The records below must be transcribed exactly, with each picture left out.

● ● ● ●

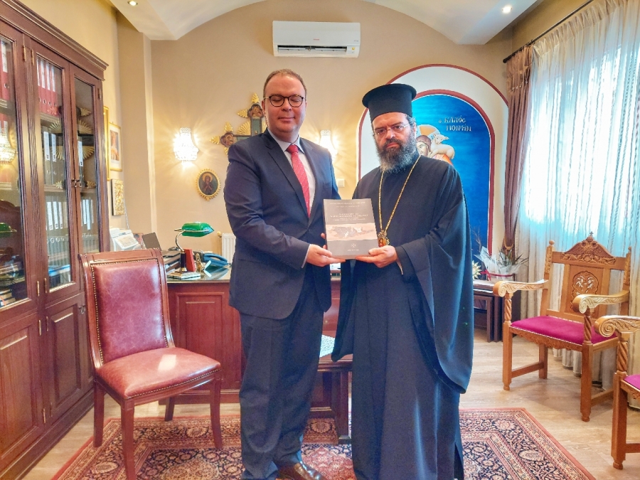 Ὁ Σεβασμιώτατος τὸν καλωσόρισε καὶ τοῦ πρροσέφερε ὡς ἐνθύμημα τῆς ἐπισκέψεως τὸ βιβλίο τῶν ἐκδόσεων τῆς Μητροπόλεως «Τὸ Παπίκιον Ὄρος καὶ ἡ Ἰβηρική Ἀριστοκρατία τοῦ Βυζαντίου».
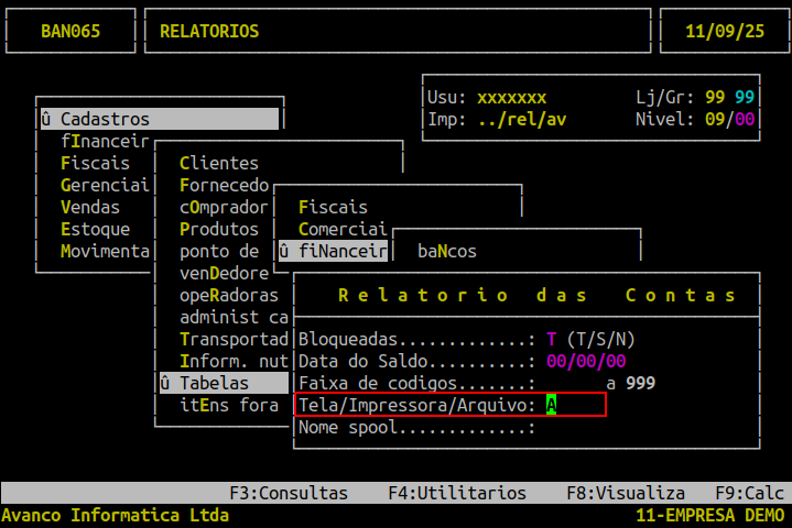 No campo Tela/Impressora/Arquivo, informe a letra T para visualizar o relatório na tela, ou I para imprimir, ou A para gerar um arquivo.
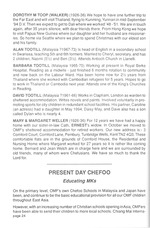 KATHLEEN (COATES) THOMPSON (1919-1924) My brother, REG COATES died December 1993, of a brain tumour. He had lived in Brisbane, Australia since aged 15. He was 82. His memories of Chefoo were all very happy ones. I am now a resident in a delightful seniors’ residence in Agincourt in metro Toronto, and love it.
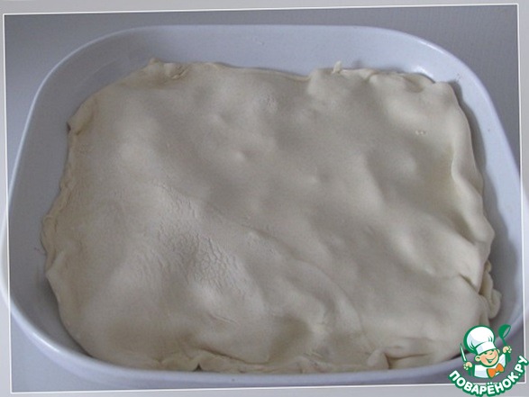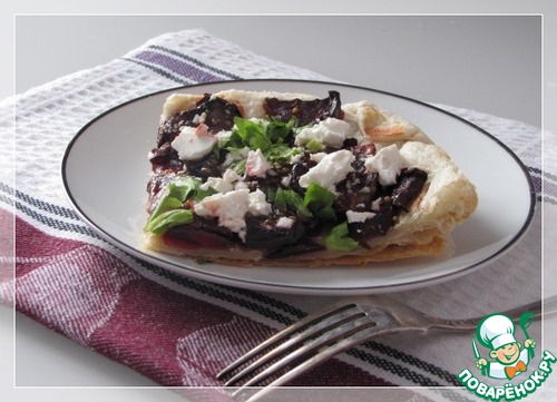 Квадрат слоеного теста раскатайте. Накройте тестом запеченную свеклу. Выпекайте в духовке при температуре 180 градусов 20-25 минут.
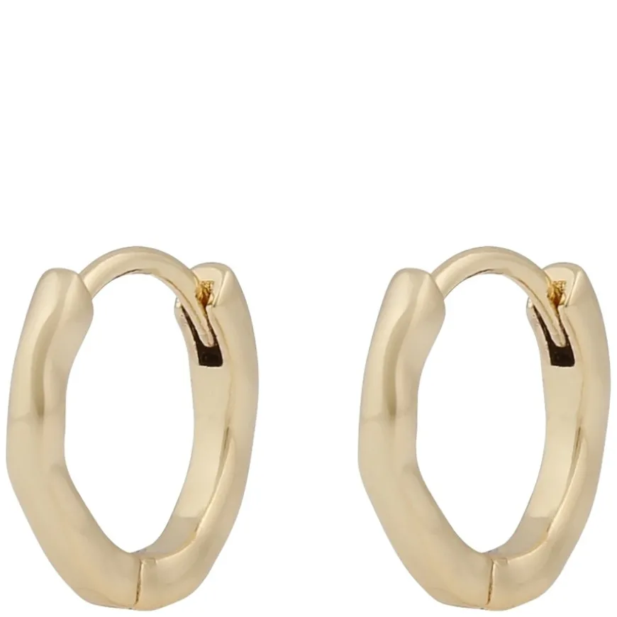 Jen Small Ring Earrings Plain Gold fra SNÖ Of Sweden er elegante hoops laget av gullbelagt messing. Øredobbene har et enkelt, men unikt design med en skinnende, uregelmessig overflate som tilfører et moderne preg. Perfekte for både hverdagsbruk og spesielle anledninger.
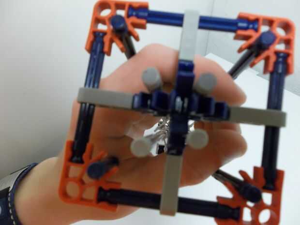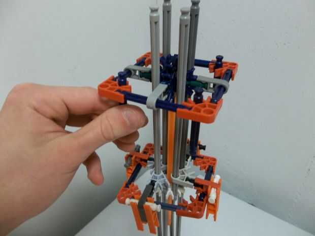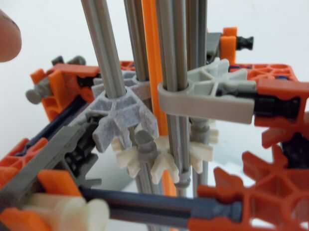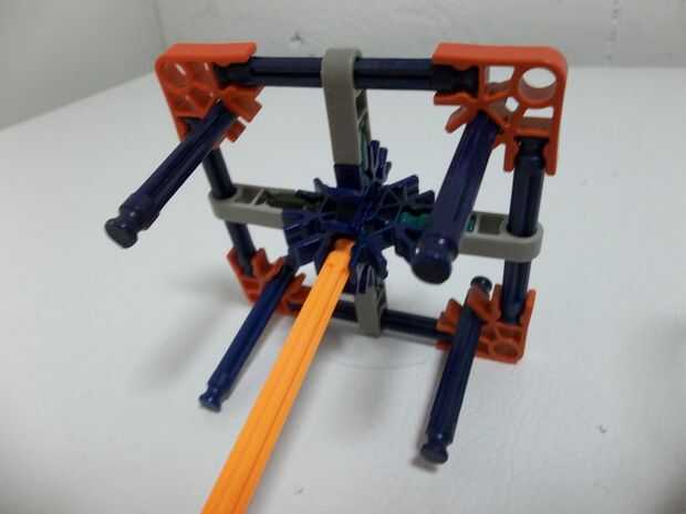 Esta es la parte que se mueve para abrir y cerrar el paraguas. Asegúrese de seguir las imágenes y deje que se deslice los conectores azules por la mitad de las barras grises, no unido a cualquier cosa. Se une a la primera parte de la diapositiva utilizando las varillas azules que están ajustadas a los conectores rojo parte 2.
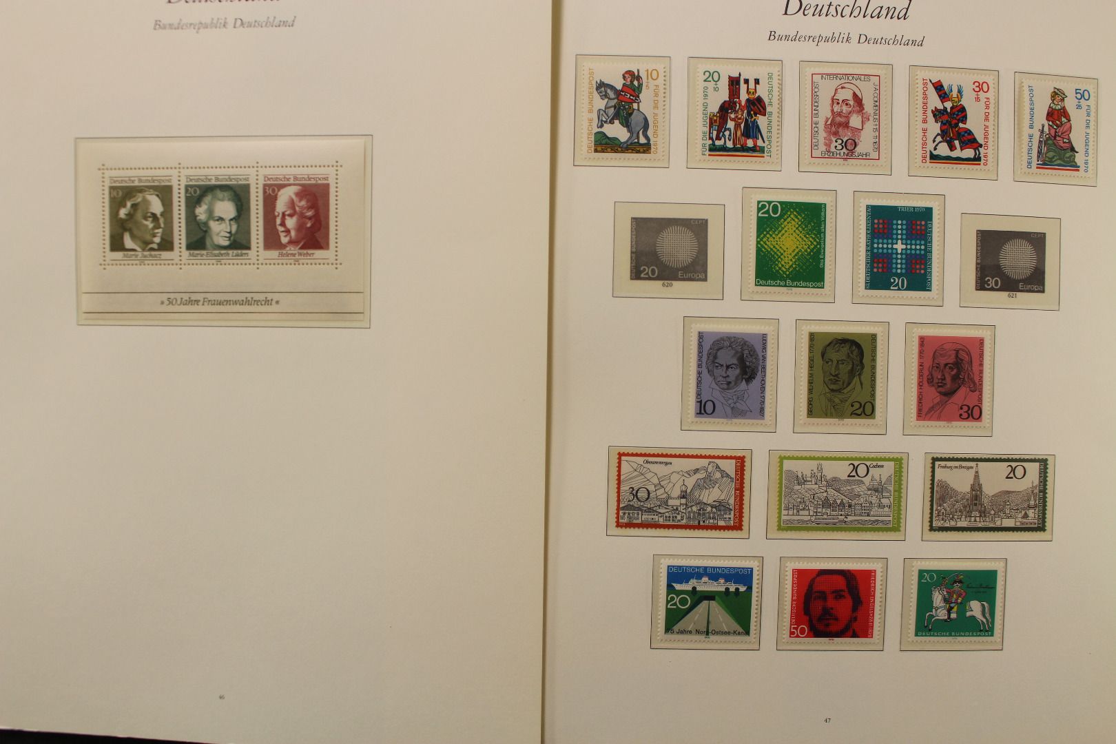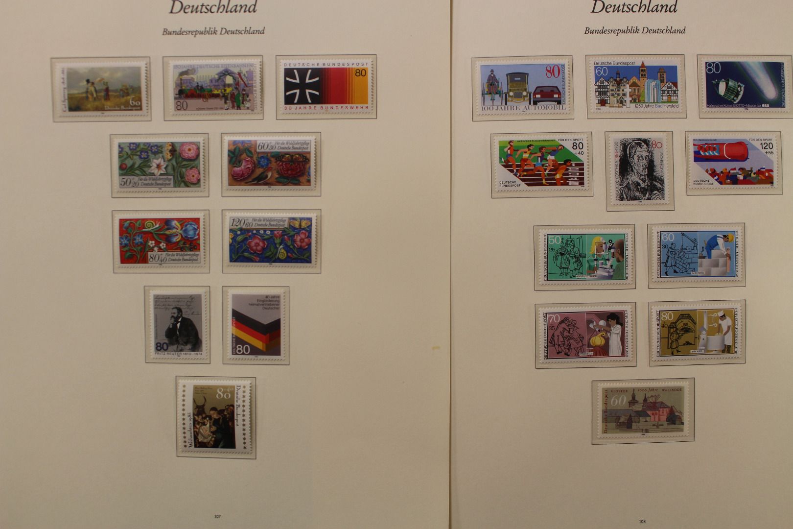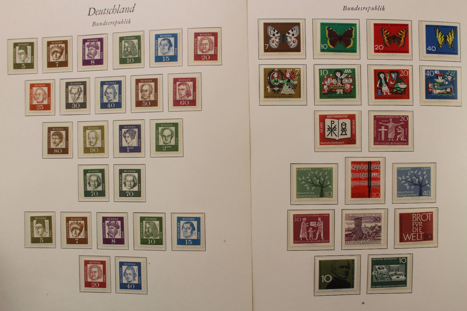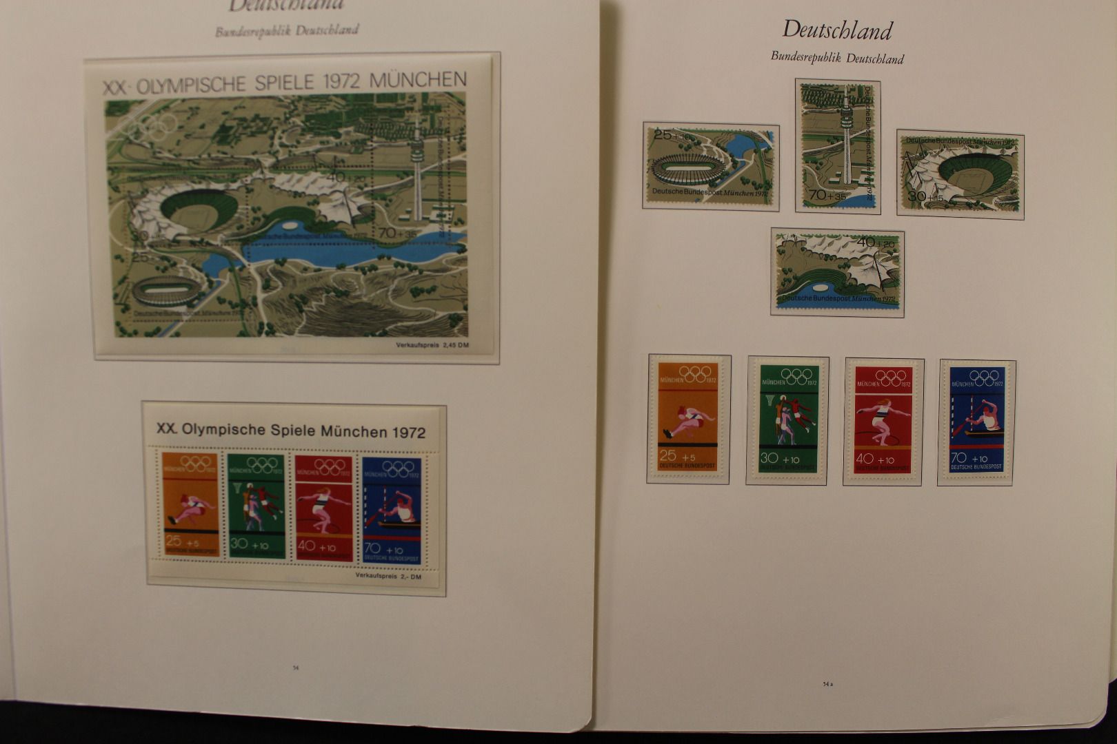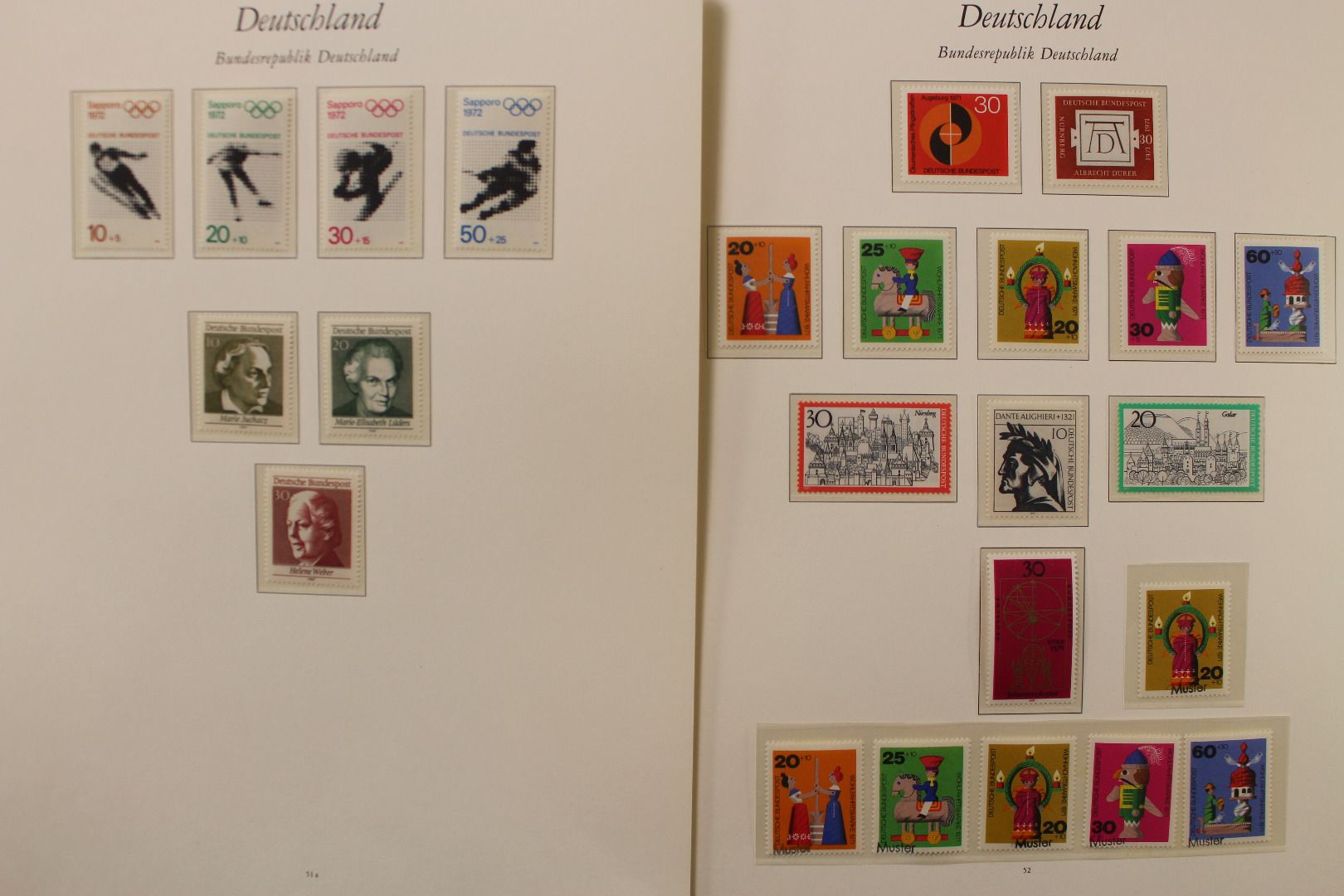 In den Hauptnummern ohne Posthorn und Heuss komplett. Bis 1955 unterschiedliche Qualität in ungebraucht bzw. postfrisch. Es sind auch einige nachgummierte bzw. entfalzte Marken enthalten, viel aber postfrisch. Nach 1960 wohl meist postfrische Sammlung mit etlichen Besonderheiten wie z.B. viele Blockeinzelmarken, C/D Werte aus Heftchen, Zusammendrucke ab 1977, Gummierungsbesonderheiten bei den Dauerserien, 5er Streifen mit Zählnummern usw. Untergebracht in 2 alten Borek Vordruckalben.

● ● ● ●

-- Output --
 Ὁ Σεβασμιώτατος τὸν καλωσόρισε καὶ τοῦ πρροσέφερε ὡς ἐνθύμημα τῆς ἐπισκέψεως τὸ βιβλίο τῶν ἐκδόσεων τῆς Μητροπόλεως «Τὸ Παπίκιον Ὄρος καὶ ἡ Ἰβηρική Ἀριστοκρατία τοῦ Βυζαντίου».
 No campo Tela/Impressora/Arquivo, informe a letra T para visualizar o relatório na tela, ou I para imprimir, ou A para gerar um arquivo.
 KATHLEEN (COATES) THOMPSON (1919-1924) My brother, REG COATES died December 1993, of a brain tumour. He had lived in Brisbane, Australia since aged 15. He was 82. His memories of Chefoo were all very happy ones. I am now a resident in a delightful seniors’ residence in Agincourt in metro Toronto, and love it.
 Квадрат слоеного теста раскатайте. Накройте тестом запеченную свеклу. Выпекайте в духовке при температуре 180 градусов 20-25 минут.
 Jen Small Ring Earrings Plain Gold fra SNÖ Of Sweden er elegante hoops laget av gullbelagt messing. Øredobbene har et enkelt, men unikt design med en skinnende, uregelmessig overflate som tilfører et moderne preg. Perfekte for både hverdagsbruk og spesielle anledninger.
 Esta es la parte que se mueve para abrir y cerrar el paraguas. Asegúrese de seguir las imágenes y deje que se deslice los conectores azules por la mitad de las barras grises, no unido a cualquier cosa. Se une a la primera parte de la diapositiva utilizando las varillas azules que están ajustadas a los conectores rojo parte 2.
 In den Hauptnummern ohne Posthorn und Heuss komplett. Bis 1955 unterschiedliche Qualität in ungebraucht bzw. postfrisch. Es sind auch einige nachgummierte bzw. entfalzte Marken enthalten, viel aber postfrisch. Nach 1960 wohl meist postfrische Sammlung mit etlichen Besonderheiten wie z.B. viele Blockeinzelmarken, C/D Werte aus Heftchen, Zusammendrucke ab 1977, Gummierungsbesonderheiten bei den Dauerserien, 5er Streifen mit Zählnummern usw. Untergebracht in 2 alten Borek Vordruckalben.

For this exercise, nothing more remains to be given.